In this Concept, you will be introduced to using a scatterplot and a line graph to show the relationship between two variables.

### Watch This

For a description of how to make a scatter plot on a TI-84 (14.0) , see maysterchief , Scatter Plots on TI-84 (3:55).

### Guidance

Scatterplots and Line Plots

Bivariate simply means two variables. All our previous work was with univariate, or single-variable data. The goal of examining bivariate data is usually to show some sort of relationship or association between the two variables.

#### Example A

We have looked at recycling rates for paper packaging and glass. It would be interesting to see if there is a predictable relationship between the percentages of each material that a country recycles. Following is a data table that includes both percentages.
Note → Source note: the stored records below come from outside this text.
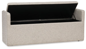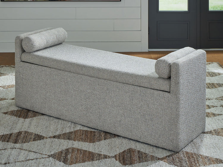 This upholstered dining bench brings a rustic vibe to urban contemporary design. It's a modern approach to everyday function, with storage hidden under the seat. And the bench's neutral color is stunningly simple, allowing it to coordinate seamlessly with your existing decor.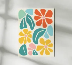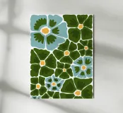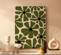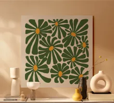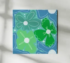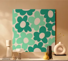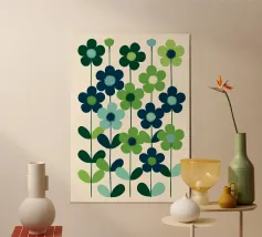Een patroon van gestileerde bloemen met grote groene bloemblaadjes en kleinere lichtblauwe bloemblaadjes, elk met een geel hart. Het ontwerp is abstract en repetitief en straalt een gedurfde en moderne esthetiek uit.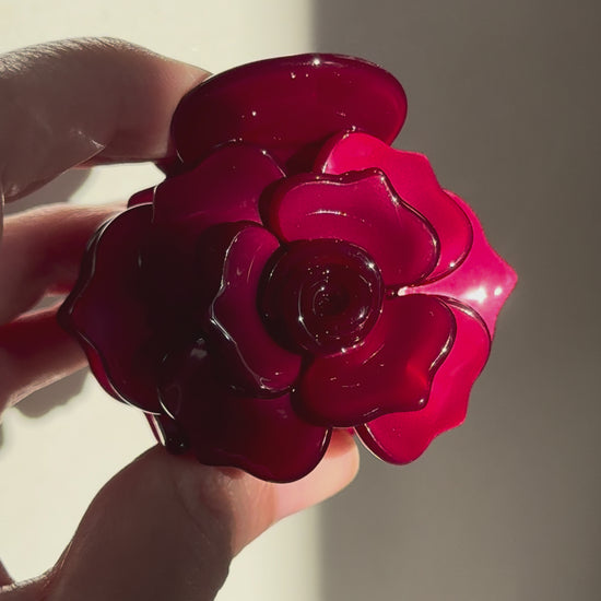An elegant acetate hair claw inspired by a blooming flower, with delicately sculpted petals finished in a soft pearly, satin sheen.

Country % of Paper Packaging Recycled % of Glass Packaging Recycled
Estonia 34 64
New Zealand 40 72
Poland 40 27
Cyprus 42 4
Portugal 56 39
United States 59 21
Italy 62 56
Spain 63 41
Australia 66 44
Greece 70 34
Finland 70 56
Ireland 70 55
Netherlands 70 76
Sweden 70 100
France 76 59
Germany 83 81
Austria 83 44
Belgium 83 98
Japan 98 96

Figure: Paper and Glass Packaging Recycling Rates for 19 countries

Scatterplots

We will place the paper recycling rates on the horizontal axis and those for glass on the vertical axis. Next, we will plot a point that shows each country's rate of recycling for the two materials. This series of disconnected points is referred to as a scatterplot .

Recall that one of the things you saw from the stem-and-leaf plot is that, in general, a country's recycling rate for glass is lower than its paper recycling rate. On the next graph, we have plotted a line that represents the paper and glass recycling rates being equal. If all the countries had the same paper and glass recycling rates, each point in the scatterplot would be on the line. Because most of the points are actually below this line, you can see that the glass rate is lower than would be expected if they were similar.

With univariate data, we initially characterize a data set by describing its shape, center, and spread. For bivariate data, we will also discuss three important characteristics: shape, direction, and strength. These characteristics will inform us about the association between the two variables. The easiest way to describe these traits for this scatterplot is to think of the data as a cloud. If you draw an ellipse around the data, the general trend is that the ellipse is rising from left to right.

Data that are oriented in this manner are said to have a positive linear association . That is, as one variable increases, the other variable also increases. In this example, it is mostly true that countries with higher paper recycling rates have higher glass recycling rates. Lines that rise in this direction have a positive slope, and lines that trend downward from left to right have a negative slope. If the ellipse cloud were trending down in this manner, we would say the data had a negative linear association . For example, we might expect this type of relationship if we graphed a country's glass recycling rate with the percentage of glass that ends up in a landfill. As the recycling rate increases, the landfill percentage would have to decrease.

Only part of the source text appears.